Paper No. 19-5
Presentation Time: 4:45 PM
LOW-TEMPERATURE THERMOCHRONOLOGICAL CONSTRAINTS ON THE TIMING, MAGNITUDE, AND SPATIAL EXTENT OF LATE CRETACEOUS COOLING WITHIN THE ENIGMATIC TETON-GROS VENTRE UPLIFT
The modern topography of the Teton Range, formed as a consequence of mid-Miocene to recent exhumation along the Teton normal fault, obscures the structural and topographic expression of the Cretaceous basement-involved Teton-Gros Ventre uplift.. Previously published apatite fission-track cooling ages from basement rocks of the Teton Range were interpreted to record Late Cretaceous exhumation of the Teton-Gros Ventre uplift in the hanging wall of the northeast-dipping Cache Creek thrust. To evaluate the spatial extent, timing, and magnitude of Cretaceous cooling in the Tetons, we used low-temperature thermochronology (zircon and apatite U-Th/He; ZHe and AHe) to reconstruct the ~300-50˚C thermal history of Archean basement rocks in an ~40 km long transect through the hanging wall of the Cache Creek thrust.
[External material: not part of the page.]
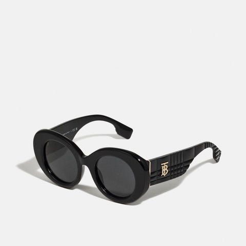 Burberry solglasögon för kvinna med svart båge. Inkluderar hårt fodral med rutmönster och mjuk påse med Burberry-logotyp.

Samples from the northern part of our transect, in the most distal positions relative to the trace of the Cache Creek thrust, yielded single crystal ZHe dates of ~6-62 Ma with effective uranium (eU), a proxy for radiation damage, values of 353-6341 ppm, exhibiting a negative-slope date-eU trend that is qualitatively consistent with radiation damage effects on ZHe dates. In contrast, AHe dates from these rocks are ~51-79 Ma, with eU values of 11-66 ppm; these AHe data show no correlation between AHe date and eU and display a date inversion relative to the ZHe data. Farther south and closer to the Cache Creek thrust, ZHe dates are ~19-116 Ma (eU 100-2071 ppm) and also display a negative date-eU trend. Across the entire range, the ZHe date-eU trend has a high-eU (2300-6341 ppm) ‘pediment’ at ~10 Ma, related to the recent Miocene-recent exhumation. The high-eU composition of the analyzed zircons likely contributed to the young measured ZHe dates because significant radiation damage can create pathways for helium loss, leading to younger measured dates. Ongoing thermal history modeling will allow us to identify time-temperature histories consistent with the observed data and preserved geologic record, providing insights into the cooling history of the Cretaceous Gros-Ventre uplift.